• _WHAT TO DO_:
Leave every picture out, and write out the remaining entries exactly.

• _PROVIDED ENTRIES_:
================
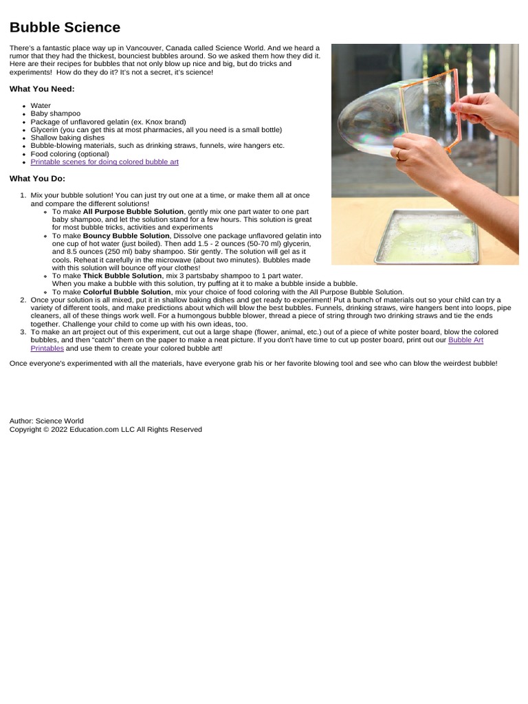 variety of different tools, and make predictions about which will blow the best bubbles. Funnels, drinking straws, wire hangers bent into loops, pipe
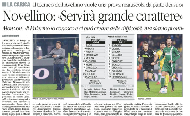 “E’ tempo di tornare a vincere. L’Avellino avrà la possibilità di monetizzare al massimo il doppio turno casalingo. La truppa di Walter Novellino domani pomeriggio, alle ore 15, affronterà il Palermo. Una delle candidate alla promozione diretta in massima serie. E’ un Palermo a tratti più nero che rosa. La sconfitta interna contro il Cittadella condita dalle vicende societarie con una istanza di fallimento presentata dalla Procura di Palermo. Nonostante ciò, l’Avellino, non dovrà prendere sotto gamba l’impegno contro i sicliani. «E’ una partita importante per entrambe. Conosciamo l’importanza di questa gara. Affronteremo una squadra costruita per vincere il campionato. Spero che i miei ragazzi si facciano trovare pronti. Spero forniremo una prova di carattere, senza questo nonsi ottiene niente. Dobbiamo giocare con cattiveria agonistica. Scenderemo in campo per vincere, non voglio chiacchiere». Il tecnico biancoverde parla del rapporto con Maurizio Zamparini: «Lui è una persona buona e spontanea – spiega il tecnico dei lupi – Lo rispetto molto. Abbiamo vissuto due anni e tre mesi insieme. Con lui avevo sempre la valigia pronta, però mi ha sempre apprezzato. A Venezia abbiamo raggiunto obiettivi importanti, avevo sempre la valigia pronta». Il trainer dei biancoverdi ripercorre anche il ko del Palermo contro il Cittadella dello scorso turno di campionato: «E’ una signora squadra, probabile che la squadra abbia risentito di qualche tensione esterna. Detto questo i giocatori del Palermo sono professionisti e scenderanno in campo per vincere. Avrà ancora più rabbia in corpo, vorrei che noi non fossimo da meno». Il tecnico parla anche su come bisogna affrontare i rosanero: «Sicuramente domani dovremo chiudere le loro giocate e ripartire. Vorrei tanto che i miei giocatori capissero i momenti dove si possono vincere le partite. Il Palermo lo conosco e ci può creare delle difficoltà, ma anche noi abbiamo una struttura importante. Anche a Frosinone c’è stato un momento per vincerla. E in questi casi serve l’esperienza». «Non ci sarà Di Tacchio, ma allo stesso tempo abbiamo Moretti che può dire la sua – spiega – Avrà l’occasione di giocare nel suo ruolo. Dobbiamo sopperire a questa assenza. Chi giocherà darà sicuramente il massimo». Il tecnico dice la sua anche sul faccia a faccia di ieri pomeriggio tra Taccone e Curva Sud: «Penso
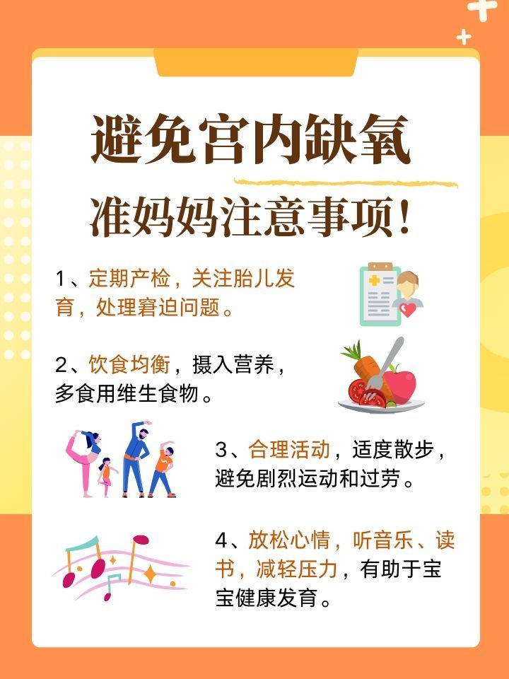 对于小丽,我们立即采取了紧急措施,进行胎儿心跳监测和胎儿宫内输血等处理。同时,通过给予氧气、特殊的营养支持,以及提供别的协助胎儿供氧的方式,达到缓解宫内缺氧的目的。在妈妈小丽的积极配合下,最终宝宝成功度过了宫内缺氧的危机。在生活中为了避免宫内缺氧的发生,准妈妈们需要注意以下几点:
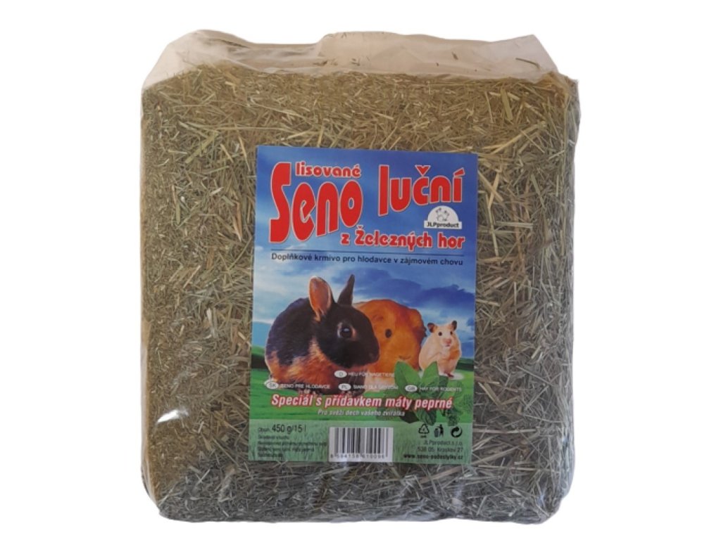 Vyrobeno ze sena výborné jakosti z luk plné bylin v Železných horách. Složení: Seno luční, jetel luční, pampeliška, jitrocel kopinatý, jetel plazivý, pcháč různolistý, bojínek luční, a jiné.Přídavek: Sušená máta peprná.- Mentol se vnitřně užívá při poruchách trávicího traktu (nadýmání, křeče, koliky), povzbuzuje chuť k jídlu, ovlivňuje tvorbu a vylučování žluče, příznivě působí při léčbě horních cest dýchacích.Doplňkové parametry
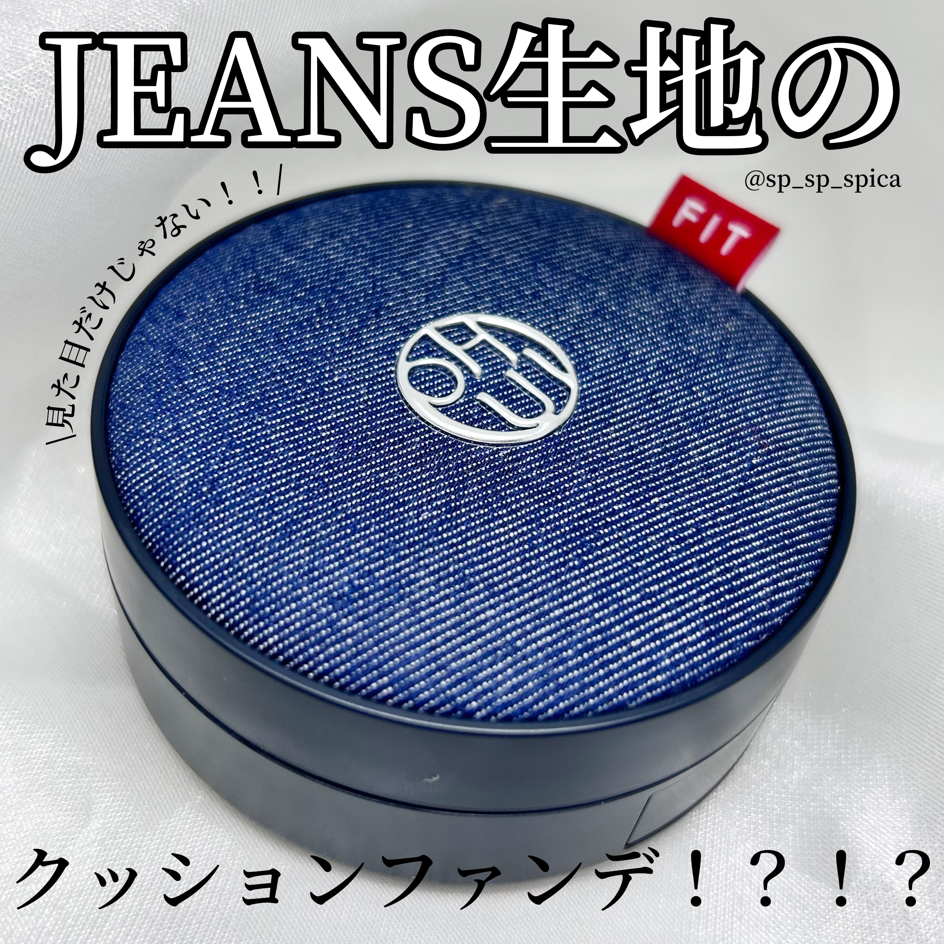 デニムのパッケージが可愛い👖 クッションファンデ🤍 リアルなデニム生地のデザイン💙 1回塗っただけで薄くなじみ密着して仕上がりもナチュラル✨ くすまず長時間メイクアップが続くのも嬉しい🫶🏻ˎˊ˗
================
• _SOLUTION TO THIS EXERCISE_:
 variety of different tools, and make predictions about which will blow the best bubbles. Funnels, drinking straws, wire hangers bent into loops, pipe
 “E’ tempo di tornare a vincere. L’Avellino avrà la possibilità di monetizzare al massimo il doppio turno casalingo. La truppa di Walter Novellino domani pomeriggio, alle ore 15, affronterà il Palermo. Una delle candidate alla promozione diretta in massima serie. E’ un Palermo a tratti più nero che rosa. La sconfitta interna contro il Cittadella condita dalle vicende societarie con una istanza di fallimento presentata dalla Procura di Palermo. Nonostante ciò, l’Avellino, non dovrà prendere sotto gamba l’impegno contro i sicliani. «E’ una partita importante per entrambe. Conosciamo l’importanza di questa gara. Affronteremo una squadra costruita per vincere il campionato. Spero che i miei ragazzi si facciano trovare pronti. Spero forniremo una prova di carattere, senza questo nonsi ottiene niente. Dobbiamo giocare con cattiveria agonistica. Scenderemo in campo per vincere, non voglio chiacchiere». Il tecnico biancoverde parla del rapporto con Maurizio Zamparini: «Lui è una persona buona e spontanea – spiega il tecnico dei lupi – Lo rispetto molto. Abbiamo vissuto due anni e tre mesi insieme. Con lui avevo sempre la valigia pronta, però mi ha sempre apprezzato. A Venezia abbiamo raggiunto obiettivi importanti, avevo sempre la valigia pronta». Il trainer dei biancoverdi ripercorre anche il ko del Palermo contro il Cittadella dello scorso turno di campionato: «E’ una signora squadra, probabile che la squadra abbia risentito di qualche tensione esterna. Detto questo i giocatori del Palermo sono professionisti e scenderanno in campo per vincere. Avrà ancora più rabbia in corpo, vorrei che noi non fossimo da meno». Il tecnico parla anche su come bisogna affrontare i rosanero: «Sicuramente domani dovremo chiudere le loro giocate e ripartire. Vorrei tanto che i miei giocatori capissero i momenti dove si possono vincere le partite. Il Palermo lo conosco e ci può creare delle difficoltà, ma anche noi abbiamo una struttura importante. Anche a Frosinone c’è stato un momento per vincerla. E in questi casi serve l’esperienza». «Non ci sarà Di Tacchio, ma allo stesso tempo abbiamo Moretti che può dire la sua – spiega – Avrà l’occasione di giocare nel suo ruolo. Dobbiamo sopperire a questa assenza. Chi giocherà darà sicuramente il massimo». Il tecnico dice la sua anche sul faccia a faccia di ieri pomeriggio tra Taccone e Curva Sud: «Penso
 对于小丽,我们立即采取了紧急措施,进行胎儿心跳监测和胎儿宫内输血等处理。同时,通过给予氧气、特殊的营养支持,以及提供别的协助胎儿供氧的方式,达到缓解宫内缺氧的目的。在妈妈小丽的积极配合下,最终宝宝成功度过了宫内缺氧的危机。在生活中为了避免宫内缺氧的发生,准妈妈们需要注意以下几点:
 Vyrobeno ze sena výborné jakosti z luk plné bylin v Železných horách. Složení: Seno luční, jetel luční, pampeliška, jitrocel kopinatý, jetel plazivý, pcháč různolistý, bojínek luční, a jiné.Přídavek: Sušená máta peprná.- Mentol se vnitřně užívá při poruchách trávicího traktu (nadýmání, křeče, koliky), povzbuzuje chuť k jídlu, ovlivňuje tvorbu a vylučování žluče, příznivě působí při léčbě horních cest dýchacích.Doplňkové parametry
 デニムのパッケージが可愛い👖 クッションファンデ🤍 リアルなデニム生地のデザイン💙 1回塗っただけで薄くなじみ密着して仕上がりもナチュラル✨ くすまず長時間メイクアップが続くのも嬉しい🫶🏻ˎˊ˗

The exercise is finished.